Data excerpts:
◆ ◆ ◆

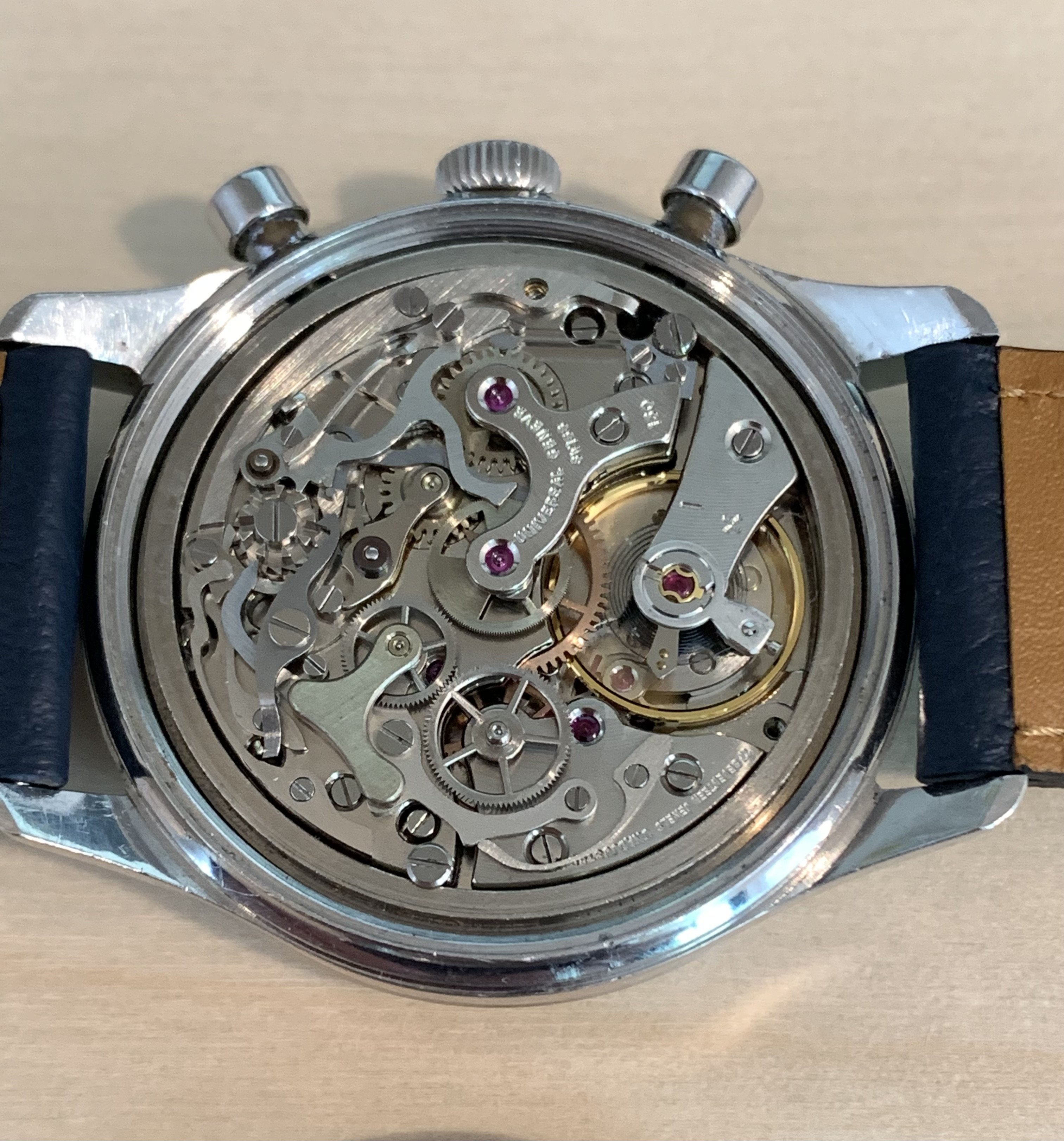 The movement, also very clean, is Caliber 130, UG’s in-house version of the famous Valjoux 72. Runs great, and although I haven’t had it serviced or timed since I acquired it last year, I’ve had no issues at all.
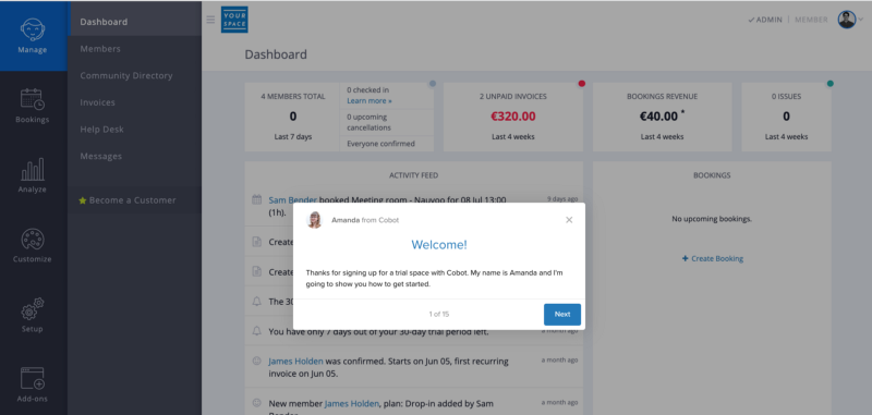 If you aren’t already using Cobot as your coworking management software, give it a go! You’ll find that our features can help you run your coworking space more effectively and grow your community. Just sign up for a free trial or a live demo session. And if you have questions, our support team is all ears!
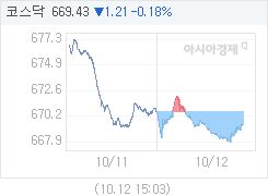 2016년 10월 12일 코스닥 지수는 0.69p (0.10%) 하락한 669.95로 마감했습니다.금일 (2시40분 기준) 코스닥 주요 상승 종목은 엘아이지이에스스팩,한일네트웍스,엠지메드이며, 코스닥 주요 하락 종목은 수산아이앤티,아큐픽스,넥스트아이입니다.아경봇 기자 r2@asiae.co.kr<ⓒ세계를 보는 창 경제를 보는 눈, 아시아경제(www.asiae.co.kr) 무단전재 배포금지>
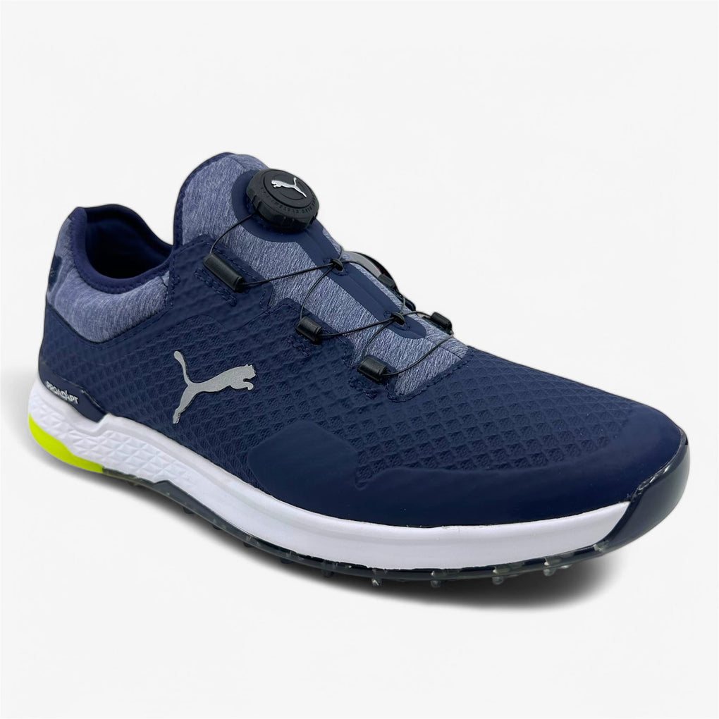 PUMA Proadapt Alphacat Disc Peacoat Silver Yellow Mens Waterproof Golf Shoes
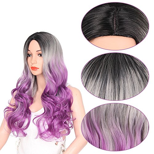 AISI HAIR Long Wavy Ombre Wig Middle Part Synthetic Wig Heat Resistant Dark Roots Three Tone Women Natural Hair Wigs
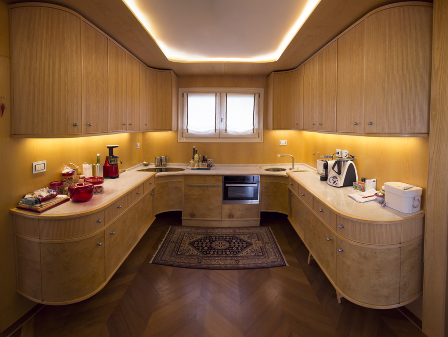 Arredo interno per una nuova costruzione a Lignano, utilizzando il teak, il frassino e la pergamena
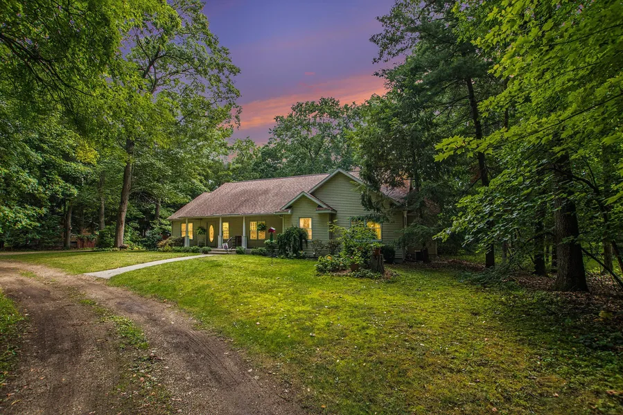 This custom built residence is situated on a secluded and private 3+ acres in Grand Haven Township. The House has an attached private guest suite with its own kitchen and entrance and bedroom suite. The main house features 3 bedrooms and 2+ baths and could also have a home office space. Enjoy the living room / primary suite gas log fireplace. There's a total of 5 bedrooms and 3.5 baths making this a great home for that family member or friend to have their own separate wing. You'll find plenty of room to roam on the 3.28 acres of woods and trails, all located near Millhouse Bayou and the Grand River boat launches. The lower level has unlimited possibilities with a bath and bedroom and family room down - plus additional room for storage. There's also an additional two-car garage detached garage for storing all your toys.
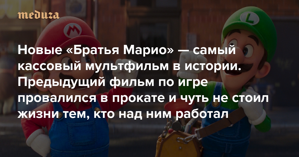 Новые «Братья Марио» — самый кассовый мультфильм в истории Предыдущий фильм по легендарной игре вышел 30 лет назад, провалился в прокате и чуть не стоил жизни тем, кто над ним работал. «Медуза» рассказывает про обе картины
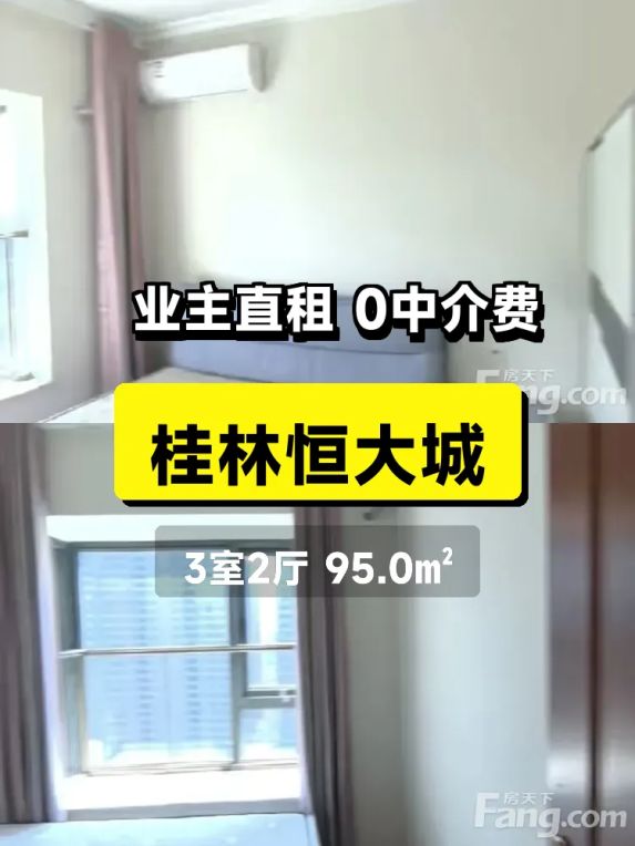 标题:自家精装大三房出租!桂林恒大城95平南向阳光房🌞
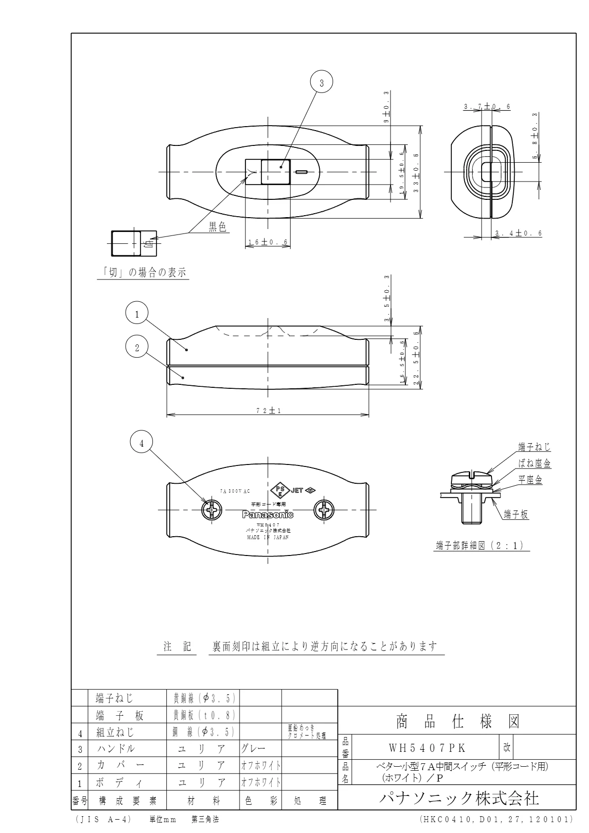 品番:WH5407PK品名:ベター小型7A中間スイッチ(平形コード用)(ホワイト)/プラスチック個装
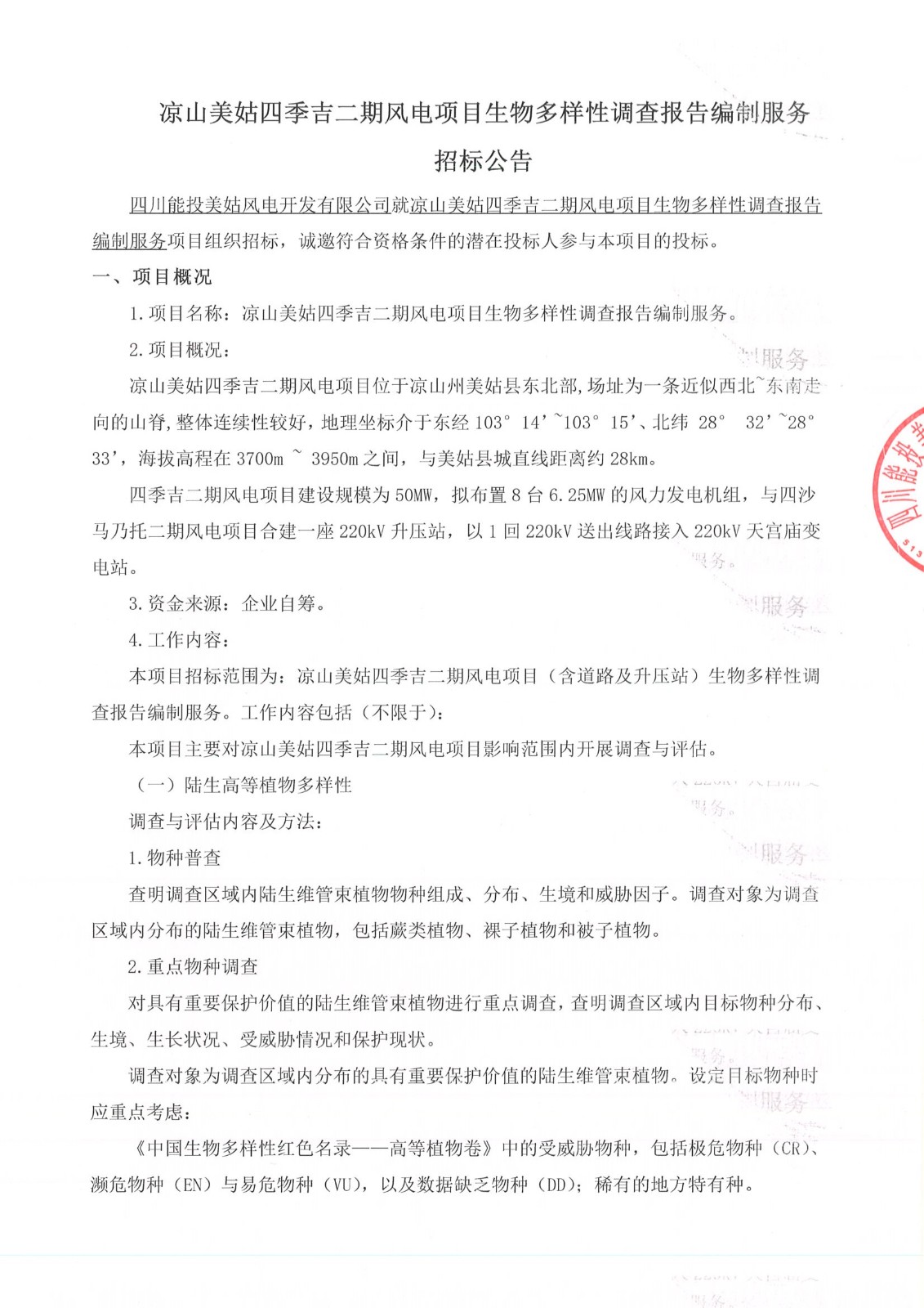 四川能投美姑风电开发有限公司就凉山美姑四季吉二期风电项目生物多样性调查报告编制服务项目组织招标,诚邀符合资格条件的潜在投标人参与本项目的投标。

◆ ◆ ◆

→ ASSIGNMENT:
Leaving out every picture, repeat the records above exactly as they stand.

→ TASK OUTPUT:
 The movement, also very clean, is Caliber 130, UG’s in-house version of the famous Valjoux 72. Runs great, and although I haven’t had it serviced or timed since I acquired it last year, I’ve had no issues at all.
 If you aren’t already using Cobot as your coworking management software, give it a go! You’ll find that our features can help you run your coworking space more effectively and grow your community. Just sign up for a free trial or a live demo session. And if you have questions, our support team is all ears!
 2016년 10월 12일 코스닥 지수는 0.69p (0.10%) 하락한 669.95로 마감했습니다.금일 (2시40분 기준) 코스닥 주요 상승 종목은 엘아이지이에스스팩,한일네트웍스,엠지메드이며, 코스닥 주요 하락 종목은 수산아이앤티,아큐픽스,넥스트아이입니다.아경봇 기자 r2@asiae.co.kr<ⓒ세계를 보는 창 경제를 보는 눈, 아시아경제(www.asiae.co.kr) 무단전재 배포금지>
 PUMA Proadapt Alphacat Disc Peacoat Silver Yellow Mens Waterproof Golf Shoes
 AISI HAIR Long Wavy Ombre Wig Middle Part Synthetic Wig Heat Resistant Dark Roots Three Tone Women Natural Hair Wigs
 Arredo interno per una nuova costruzione a Lignano, utilizzando il teak, il frassino e la pergamena
 This custom built residence is situated on a secluded and private 3+ acres in Grand Haven Township. The House has an attached private guest suite with its own kitchen and entrance and bedroom suite. The main house features 3 bedrooms and 2+ baths and could also have a home office space. Enjoy the living room / primary suite gas log fireplace. There's a total of 5 bedrooms and 3.5 baths making this a great home for that family member or friend to have their own separate wing. You'll find plenty of room to roam on the 3.28 acres of woods and trails, all located near Millhouse Bayou and the Grand River boat launches. The lower level has unlimited possibilities with a bath and bedroom and family room down - plus additional room for storage. There's also an additional two-car garage detached garage for storing all your toys.
 Новые «Братья Марио» — самый кассовый мультфильм в истории Предыдущий фильм по легендарной игре вышел 30 лет назад, провалился в прокате и чуть не стоил жизни тем, кто над ним работал. «Медуза» рассказывает про обе картины
 标题:自家精装大三房出租!桂林恒大城95平南向阳光房🌞
 品番:WH5407PK品名:ベター小型7A中間スイッチ(平形コード用)(ホワイト)/プラスチック個装
 四川能投美姑风电开发有限公司就凉山美姑四季吉二期风电项目生物多样性调查报告编制服务项目组织招标,诚邀符合资格条件的潜在投标人参与本项目的投标。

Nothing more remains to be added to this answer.